The HMS Challenger Project – putting the voyage back together

The Challenger voyage and the project

Professor William Benjamin Carpenter and Charles Wyville Thomson came up with the idea of exploring life deep in the ocean. The HMS Challenger expedition (1872 – 1876) was the first around-the-world expedition to discover life, the chemistry, and the physics of the deep sea.

A lot of you NatSCA readers will have heard about the HMS Challenger Project run by Holly Morgenroth, the natural history curator of the Royal Albert Memorial Museum (RAMM) in Exeter. I am Heather, her trainee. I am helping to communicate with and visit museums around the UK and further afield to discover where the thousands of zoological, botanical, geological, and ethnographic specimens have got to, as well as any other bits and bobs related to the expedition, such as scientific equipment, documents and photographs.

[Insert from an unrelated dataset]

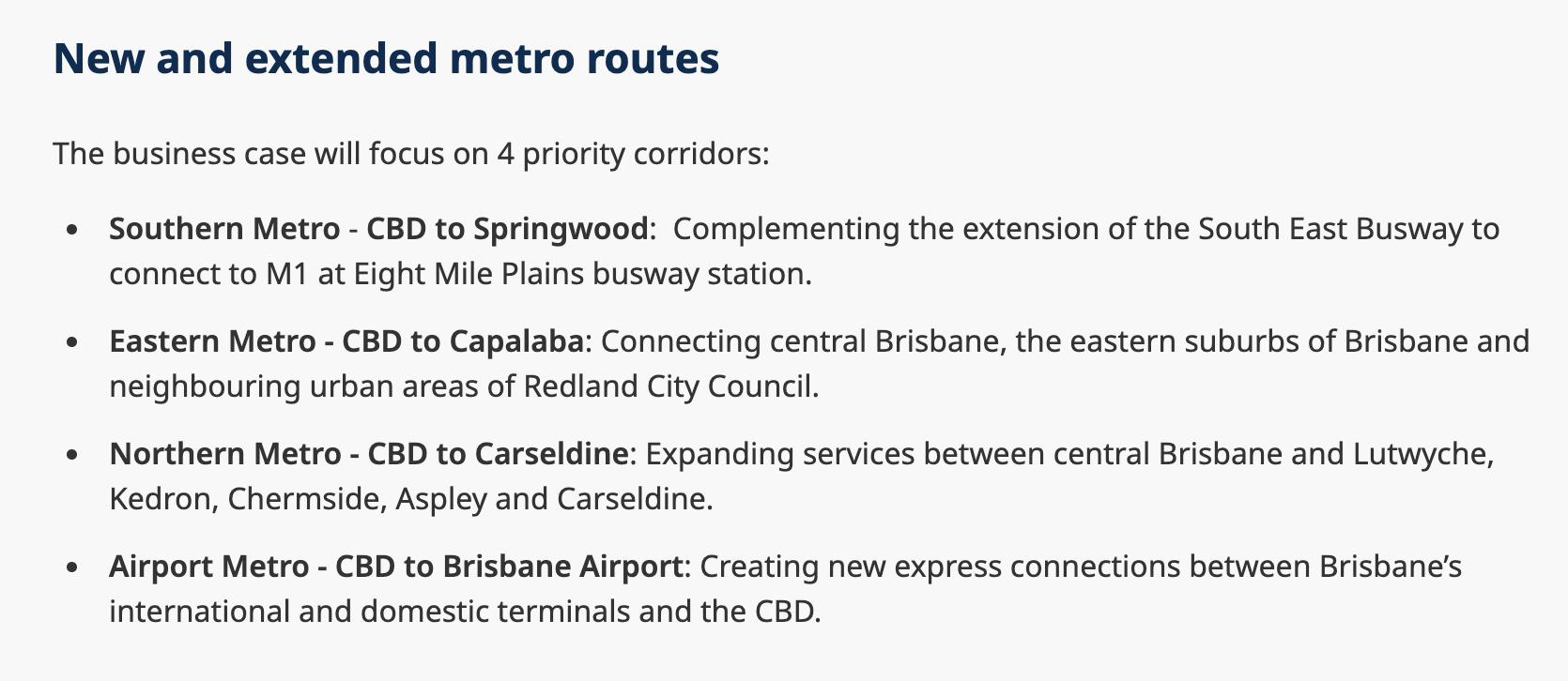 *Eastern Metro - if it ain’t a fully separate corridor tunnelled to Carindale, or just going to be red paint on bitumen to Carindale, then forget it.

Heather working at Bristol Museum

Heather working at Bristol Museum

What happened on the HMS Challenger?

The HMS Challenger set off from Portsmouth on 21st December 1872 and visited about 360 stations, going around all the oceans except the Arctic. At each station, there were trawls or dredges to collect specimens and bottom deposits. Temperature, depth, and specific gravities were all recorded, as well as the composition of the water at many stations.

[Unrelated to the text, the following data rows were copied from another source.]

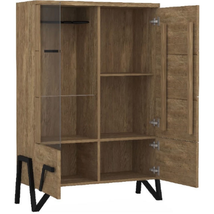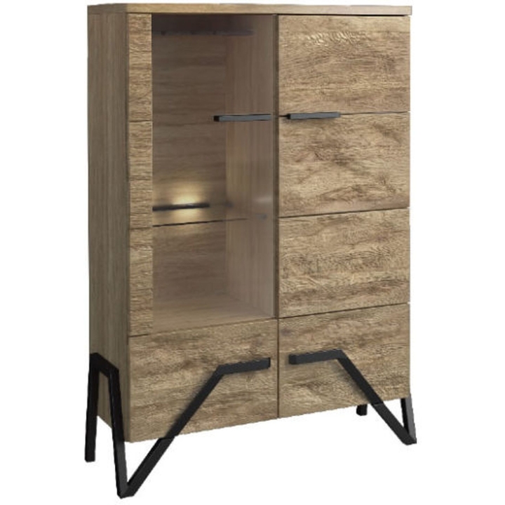 The stylish display cabinet from the PIK collection will mainly suit modern, industrial and loft interiors. The furniture is available in two variants. Natural oak will be the solution for those wishing to brighten up the room a little, while chestnut is for customers who prefer a more classic colour scheme. The display cabinet will allow the interior to be well organised and will also help to display the decoration. The beauty of the decoration is emphasised by the LED lighting. The solid is set on high solid legs, thanks to which not only maintaining cleanliness in the room will be much easier, but also the furniture will look very elegant.
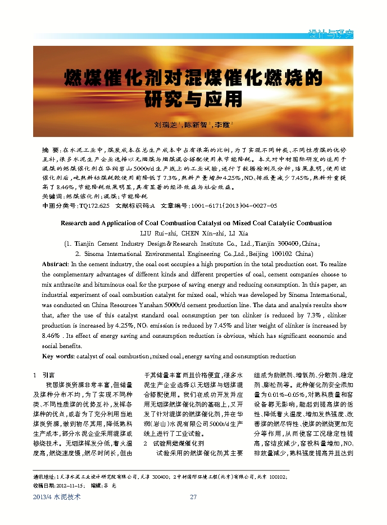 LIU Rui-zhi, CHEN Xin-zhi, LI Xia. Research and Application of Coal Combustion Catalyst on Mixed Coal Catalytic Combustion. Cement Technology, 2013, 1(4): 27-30.
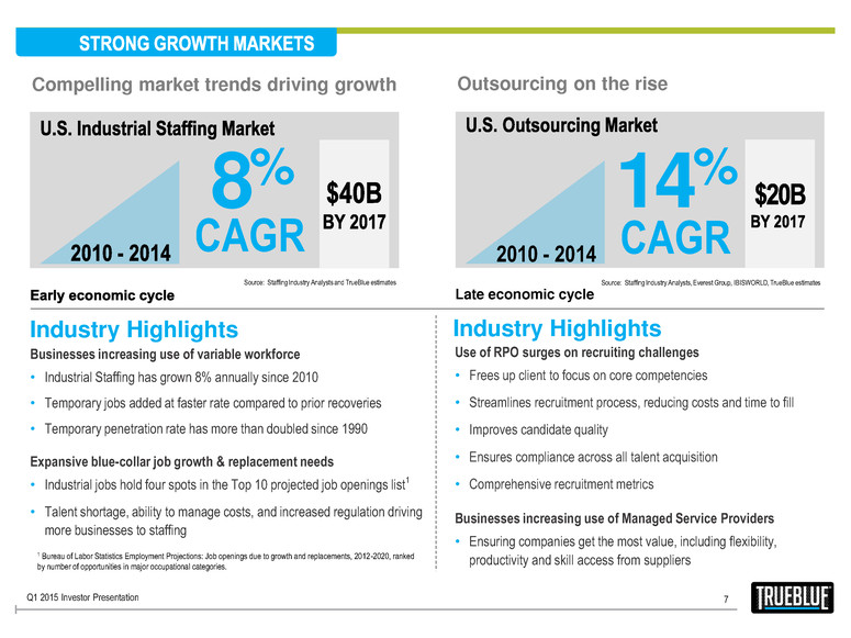 6 Skilled staffing Longer-term staffing assignments Staffing vendor management program Full-time, permanent employment Shorter-term, temporary staffing Longer-term assignments, contingent labor with on-premises management Temporary staffing and outsourced management Q1 2015 Investor Presentation
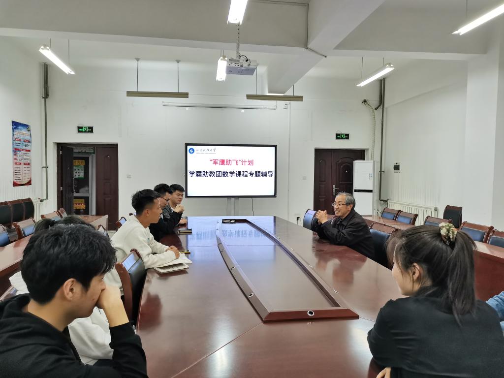 为帮助退役复学学生更好的学习数学课程,5月7日晚,91短视频 在J9-425顺利举办“军鹰助飞”计划学霸助教团专题辅导。山东省教学名师、91短视频 数学教学研究部主任赵文才教授参加辅导活动。
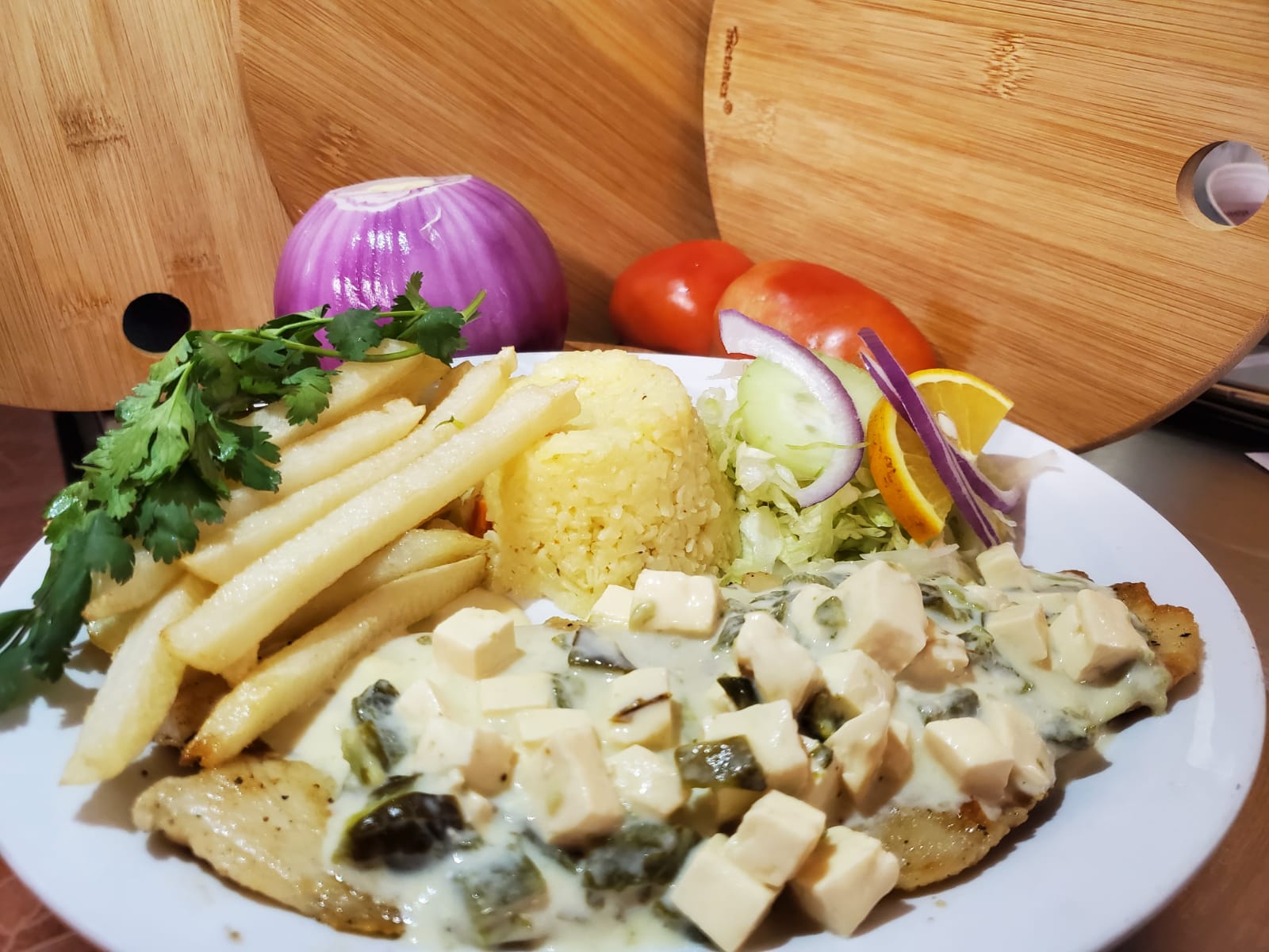Filete, papás fritas, lechuga, tomate, cebolla, naranja, pepino, arroz blanco, bañado en salsa con crema jalapeño y queso panela.

Throughout the voyage, collections of material dredged or trawled from the ship were sent to William Turner of the University of Edinburgh, who examined their condition and looked after them until the ship returned in May 1876. Although the voyage focused on deep sea collections, the naturalists on board also collected specimens on land – birds, insects, mammals, and plants. They met the inhabitants of the many islands that they visited, some of whom gave the crew members souvenirs, and sold or gave them specimens that they had found on the island.

Jar containing starfish in from station 145 (at RAMM)

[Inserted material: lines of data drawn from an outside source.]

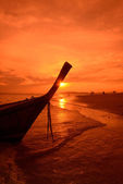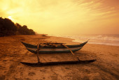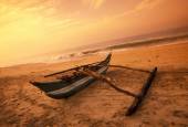 drewniana łódź rybacka na piaszczystej plaży z krajobrazem i wybrzeżem w mieście Vagator w prowincji Goa w Indiach, Indiach, Goa, kwiecień 1996
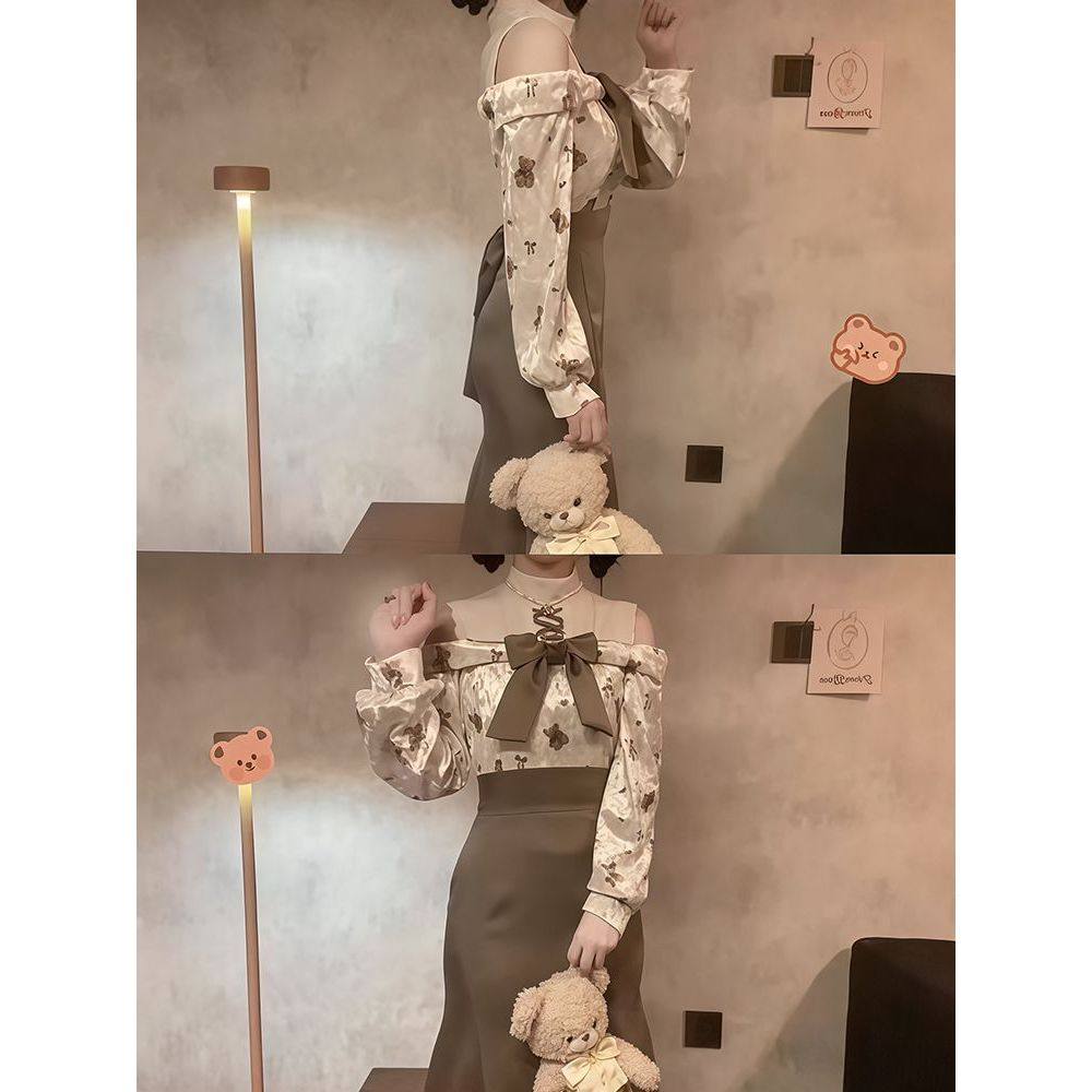 【千金可露丽】小熊拼接露肩蝴蝶结连衣裙甜美漫系少女清楚系裙子
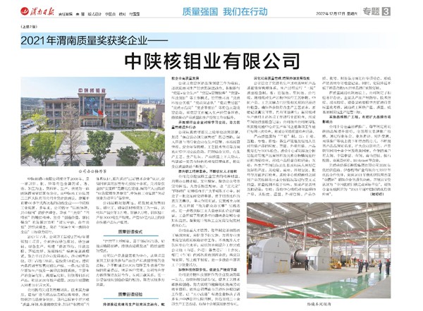 近日,通过《渭南市人民政府办公室关于2021年渭南质量奖渭南质量奖提名奖及标准化工作先进的通报》(渭政办发[2022]71号)文件获知,中陕核钼业有限公司成功荣获“2021年渭南质量奖”。12月17日,《渭南日报》刊载了相关报道。
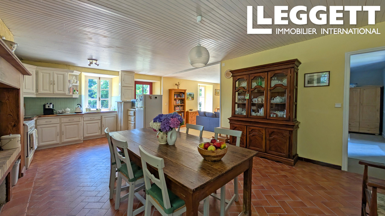 A38659SUG24 - Un ensemble de bâtiments anciens en pierre comprenant une ferme du XVIIIe siècle de plain-pied avec 3 chambres à coucher qui a été restaurée à l'intérieur avec une grande cuisine ouverte et une aile plus tardive. Il y a également deux granges et une maisonnette en pierre à restaurer entièrement : un joli projet pour le prochain propriétaire. Il y a un lac de baignade et de planche à voile à 7 minutes.
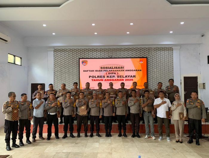 SELAYAR, WASPADAPOS.COM- Polres Kepulauan Selayar menggelar Sosialisasi Daftar Isian Pelaksanaan Anggaran (DIPA) Tahun Anggaran 2025 dan Penyerahan Rencana Pendistribusian Anggaran (Rendisgar) kepada Satuan Fungsi Jajaran, hari ini Jumat (27/12).

Jar containing starfish in from station 145 (at RAMM)

So what happened to the collected material?

Once the voyage returned, specimens were sent to numerous scientists specialising in certain areas of natural history. Once sorted through, all of the type specimens were supposed to be sent to the Natural History Museum, then the British Museum (Natural History), and the duplicates were supposed to be returned to Wyville Thomson at the Challenger office in Edinburgh. Sadly, Thomson died in 1882, before a lot of the reports were published. John Murray took over and, from what I have gathered, some duplicate sets that were returned were then distributed to people and museums who took an interest, and some of the scientists studying the material just kept it themselves. In 1918, a few years after Murray’s death, a person called R. Dykes sold off the material that remained at the Challenger office in Edinburgh.

Bottom sediment (from Bristol Museum)

Bottom sediment (from Bristol Museum)

Where is the Challenger material and what is happening at RAMM?

It is everywhere – from Exeter to Dundee, to Ireland, the US and Australia! We are building an online database, onto which we will put as much Challenger material as we can find. This is for researchers, who can find out where they need to go to look at certain material, and for members of the public with a general interest in the voyage. The Challenger expedition was a hugely important voyage in science, discovering thousands of new species. It is important to bring all the material back together!